Munster may not be given the IRFU nod in that case, however, although their argument would be strengthened if Saili – now back from injury – was to leave in the summer.

“We don’t even think about it because me and Francis are good mates,” says Taute of the potential for one of them to be kept on. “We’re the same age and we’re both very competitive players. We’re both enjoying this experience because we know if one slacks off, the other will take your position – even if we’re mates.

Now living with second row Kleyn in Castletroy, five minutes from Munster’s training base – after initially moving in with Saili - Taute is enjoying living in the “cool” city of Limerick.

Himself and Kleyn will get the braai going as the weather improves, but the rugby is keeping Taute happy for now. Can he see himself staying with Munster longer-term, beyond the summer?

“Yes, definitely,” says Taute. “If it’s going this well, why would you want to change anything? I’m enjoying the experience, enjoying the place, the club, I’m enjoying my rugby.

“What I’ve learned is that at the end of the day, that’s the most important – to enjoy what you do.”

Jaco Taute Ryan Byrne / INPHO Taute wants to help Munster to win trophies this season. Ryan Byrne / INPHO / INPHO

For the rest of this season, Taute is hopeful of featuring at outside centre as often as possible. He’s happy to play fullback “if the occasion comes up,” while he also points out that he can cover inside centre.

“I enjoy playing 12 as well, if that’s needed in certain games when internationals are gone. Because a guy like Rory Scannell, he’s around the corner and very close, I feel, to get pulled up into international rugby.”

Taute has achieved plenty in his first four and a half months with Munster, certainly in terms of earning respect from team-mates and supporters alike, but he believes there is plenty more to come.

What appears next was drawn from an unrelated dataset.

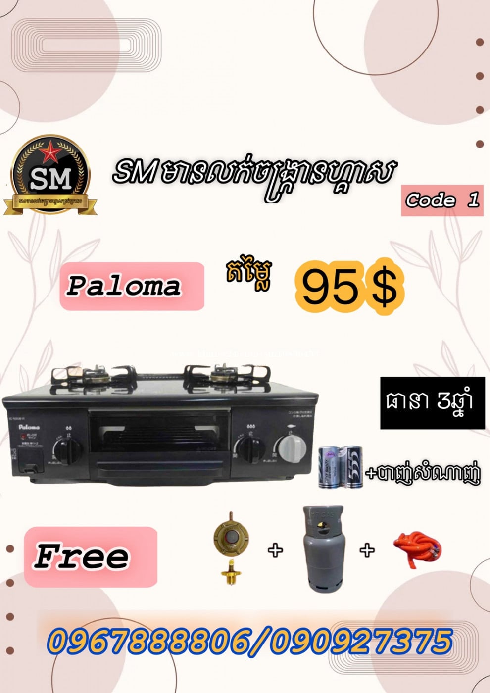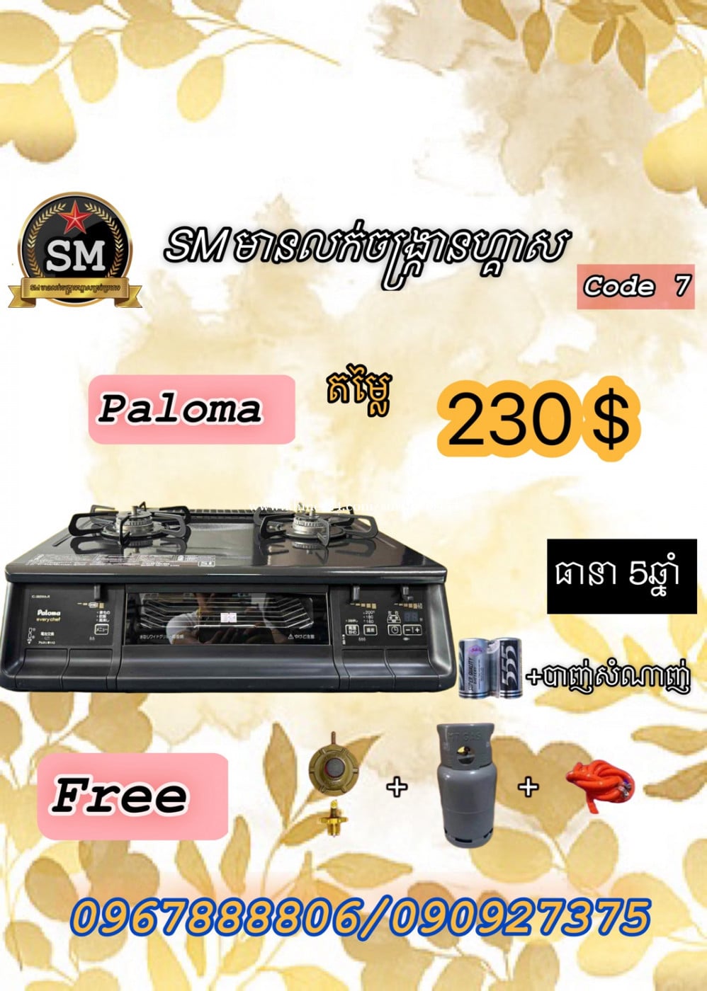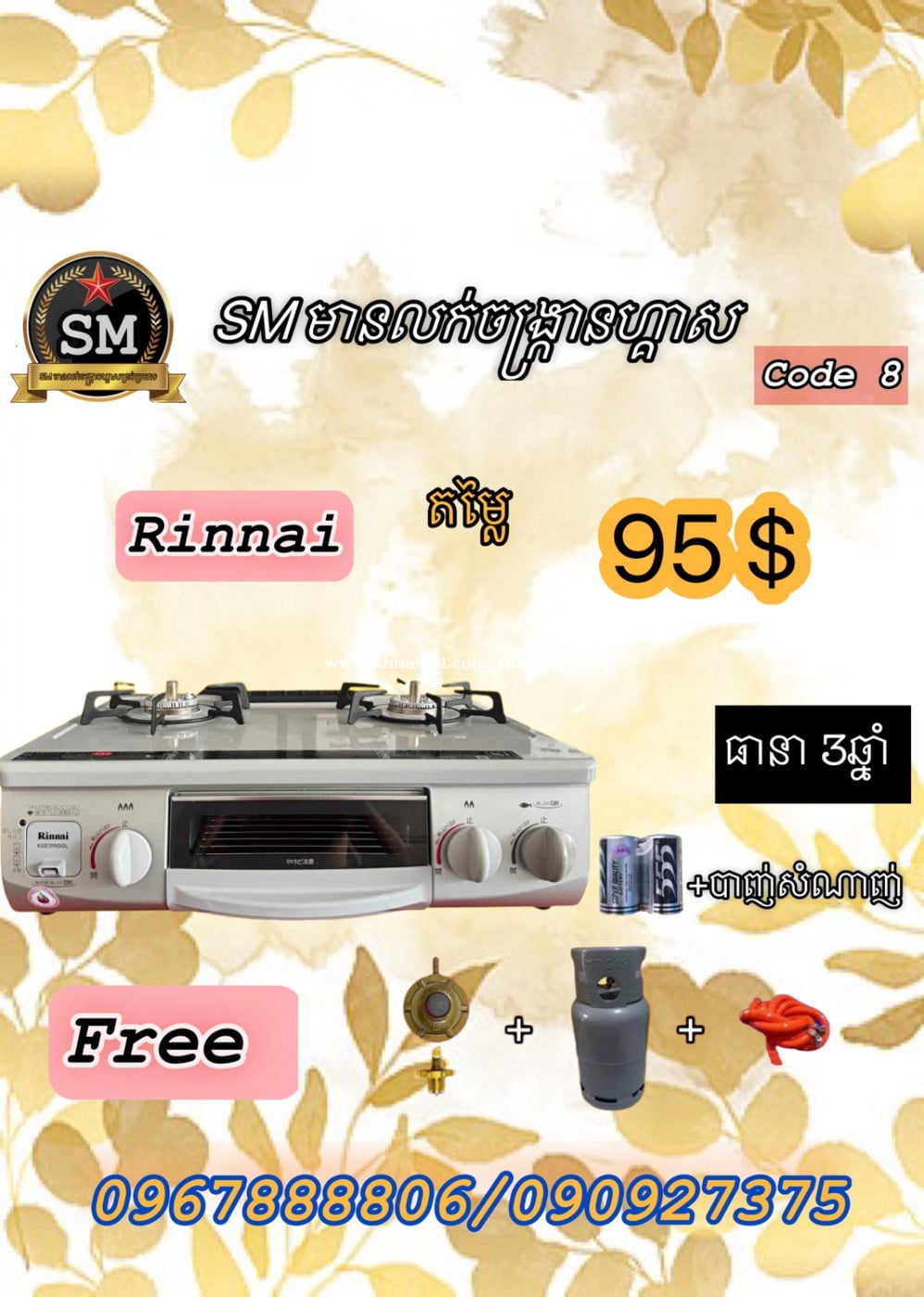 ▶️ចង្ក្រានហ្គាសជប៉ុនមួយទឹកថ្មី 👉. ចង្ក្រានហ្គាសជប៉ុនសុវត្ថិភាពល្អ🇯🇵✅ 👉. គុណភាពខ្ពស់.✅ 👉. មានថតកណ្ដាលសម្រាប់អាំងសាច់បាន✅ 👉. មានប្រព័ន្ធអូតូបិទខ្លួនឯងពេលបងប្អូនភ្លេចបិទ✅ 👉. ដាំបាយឆ្អិនអូតូបិទខ្លួនឯង✅ 👉. មានប្រព័ន្ធសន្សំសំចៃហ្គាសបាន 30%✅ ----------------------------------------------------- ☎️0967888xxxClick To Call / 090927xxxClick To Call #គុណភាពល្អតម្លៃសមរម្យ

From a personal point of view, he has obvious ambitions of playing for the Springboks again, but Taute thinks only of the collective.

“I would love to contribute to Munster winning trophies again,” says Taute. “That’s the bigger goal because my Dad taught me from a young age that you’re never bigger than the game and the team always comes first.

“For me, that’s what I want to show – that the team comes first and that Munster can win trophies.

“Everyone wants to play international rugby and I have all those aspirations of playing at my very best. But to do that, first you have to give everything to the team.”